#### [Exercise data]

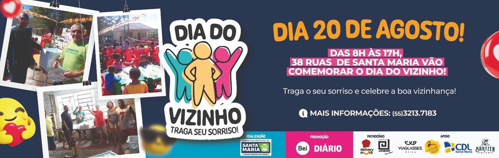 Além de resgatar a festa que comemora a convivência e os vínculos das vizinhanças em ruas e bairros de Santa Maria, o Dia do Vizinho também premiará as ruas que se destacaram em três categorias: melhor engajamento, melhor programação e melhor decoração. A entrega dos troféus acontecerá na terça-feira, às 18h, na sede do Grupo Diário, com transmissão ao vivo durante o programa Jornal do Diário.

==

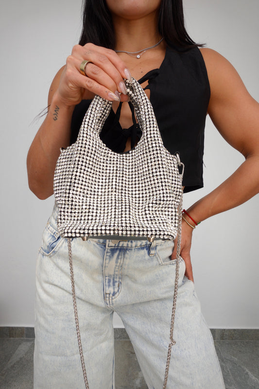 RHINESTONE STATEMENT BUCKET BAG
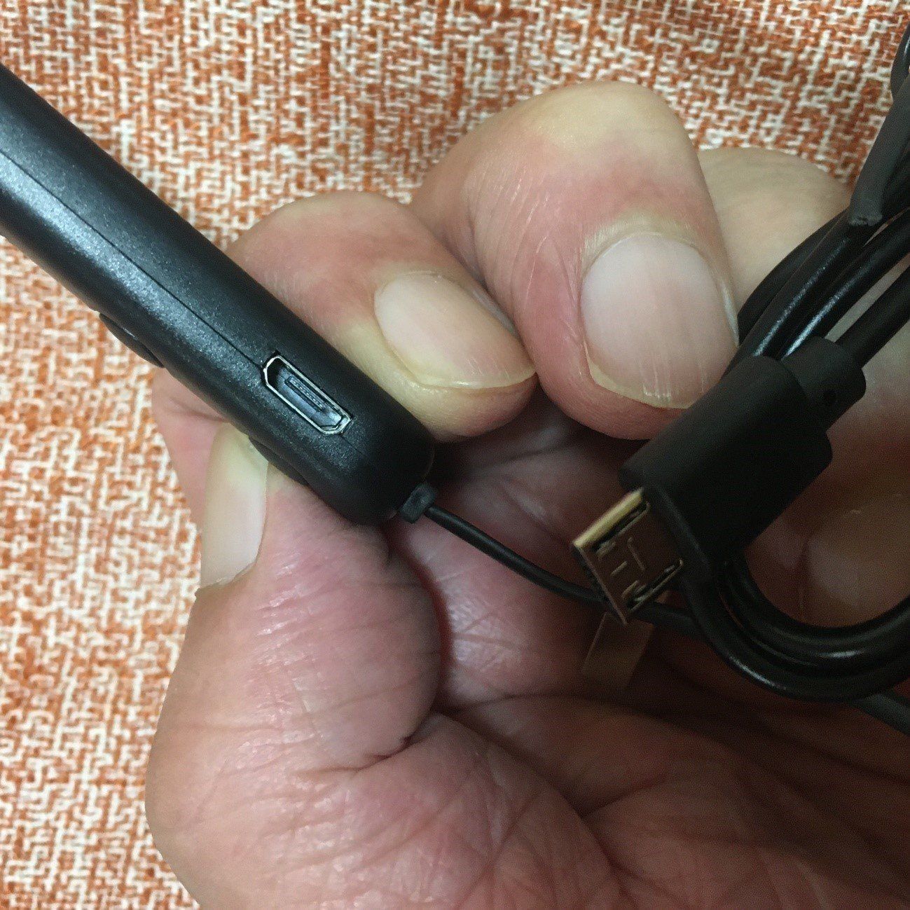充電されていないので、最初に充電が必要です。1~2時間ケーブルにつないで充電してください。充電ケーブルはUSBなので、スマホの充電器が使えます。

#### [Aim of the exercise]
Look through the material above. Transcribe exactly the lines between the ones with "RHINESTONE STATEMENT BUCKET BAG" and "充電されていないので、最初に", inclusive, and keep pictures out.

#### [Task answer]
 RHINESTONE STATEMENT BUCKET BAG
充電されていないので、最初に充電が必要です。1~2時間ケーブルにつないで充電してください。充電ケーブルはUSBなので、スマホの充電器が使えます。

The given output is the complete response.